- The Washington Times - Saturday, July 13, 2019

President Trump has decided not to impose quotas on imports of uranium, despite a finding by the Commerce Department that U.S. reliance on foreign uranium poses a national-security threat.

“Although I agree that the secretary’s findings raise significant concerns regarding the impact of uranium imports on the national security with respect to domestic mining, I find that a fuller analysis of national security considerations with respect to the entire nuclear fuel supply chain is necessary at this time,” Mr. Trump said in a statement.

The president was facing a Saturday deadline to make a decision on the petition from two Colorado firms, Energy Fuels and Ur-Energy, who say the U.S. consumption of about 99 percent of its uranium from foreign sources is risky for the military and for the nation’s energy needs.

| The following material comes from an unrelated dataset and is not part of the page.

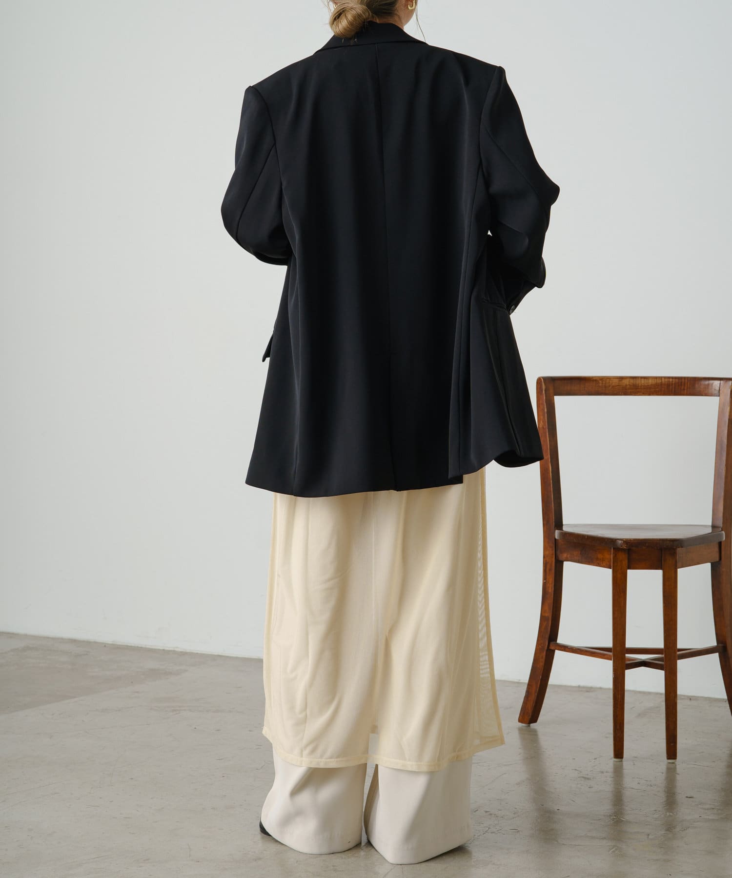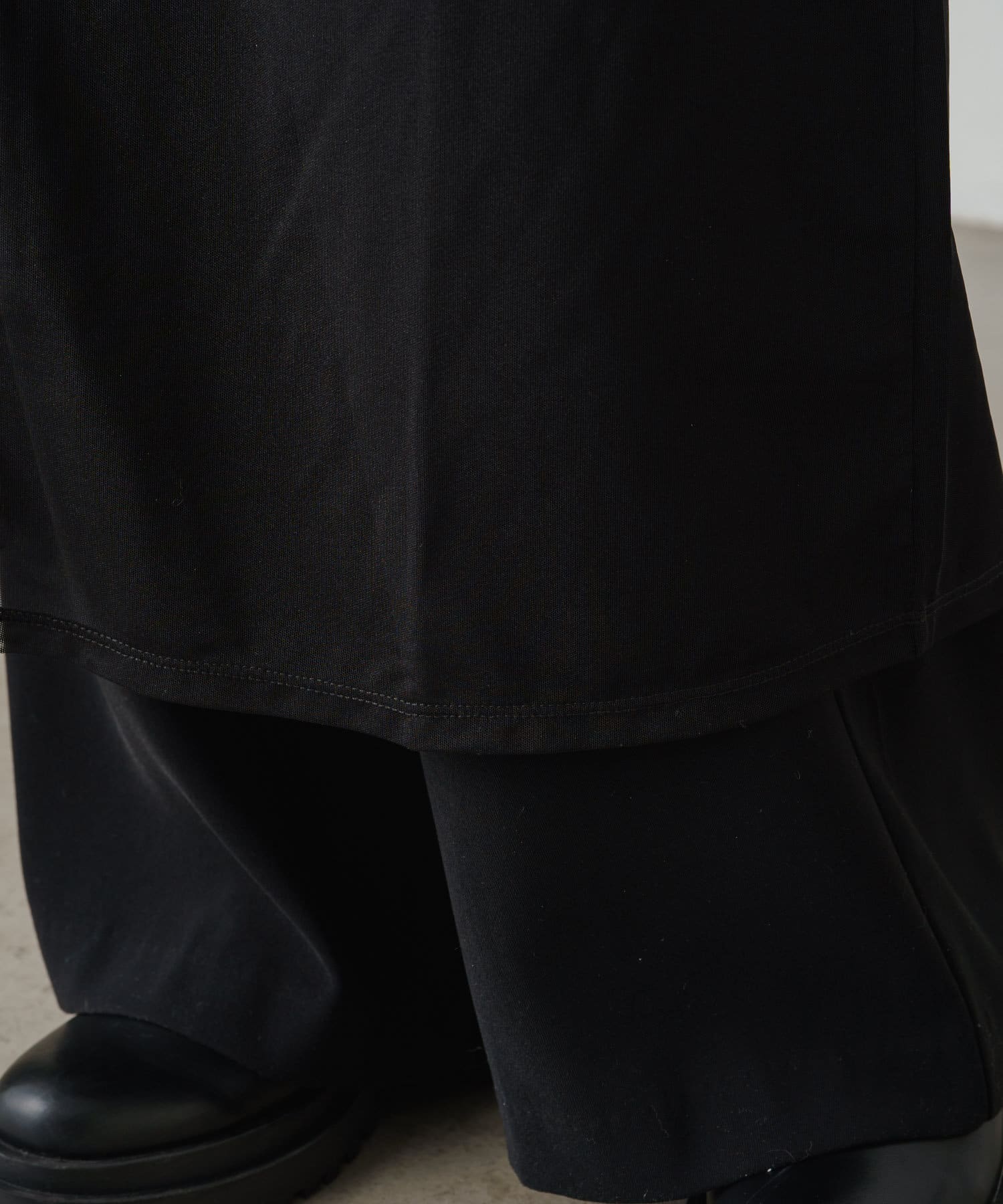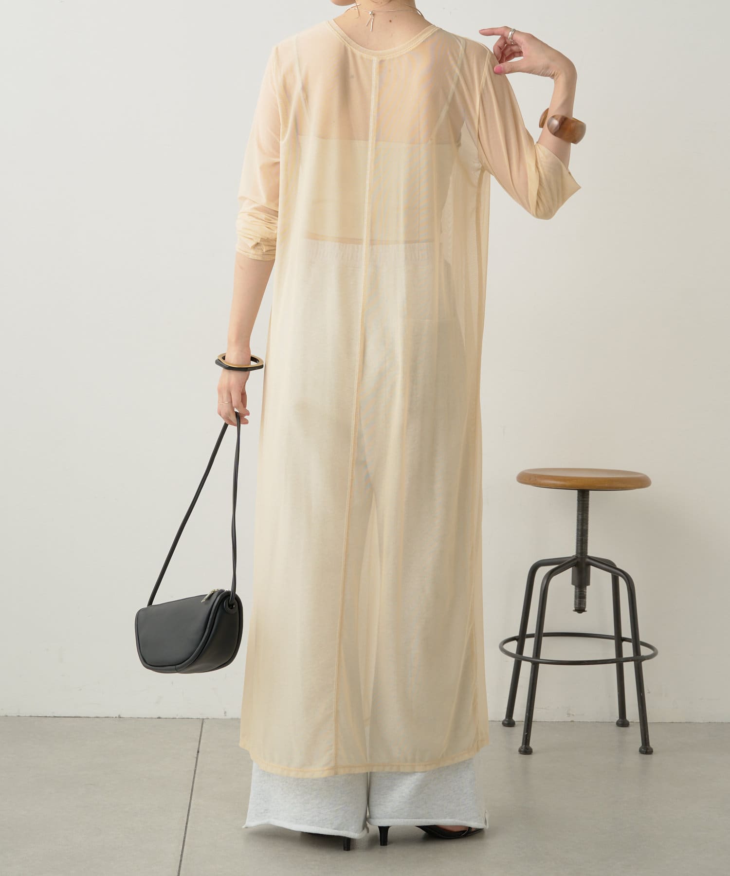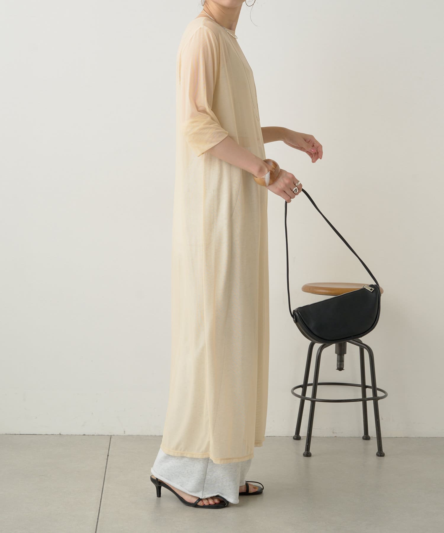 ・柔らかい生地感なので、上からニットやスウェットなどを重ねるスタイルも!

The announcement was an unusual example of Mr. Trump backing off the use of his executive authority to help U.S. industries, such as steel and aluminum, regain what they argue is a more level playing field.

The U.S. Chamber of Commerce applauded the president’s decision.



“Any serious effort to reduce emissions and address climate change must include nuclear energy, so it is vitally important that nuclear fuel trade not be impeded,” said Christopher Guith, acting president of the Chamber’s Global Energy Institute.

“That’s why the Chamber vigorously opposed efforts to impose quotas that would drive up costs and make nuclear power less competitive.”

Energy Fuels and Ur-Energy said they were encouraged that Mr. Trump recognized “the significant challenges facing the American uranium mining industry” and that he has called for a working group to examine the issue over the next 90 days.

“Our two companies will stand ready to support the working group as it conducts its study,” they said in a statement.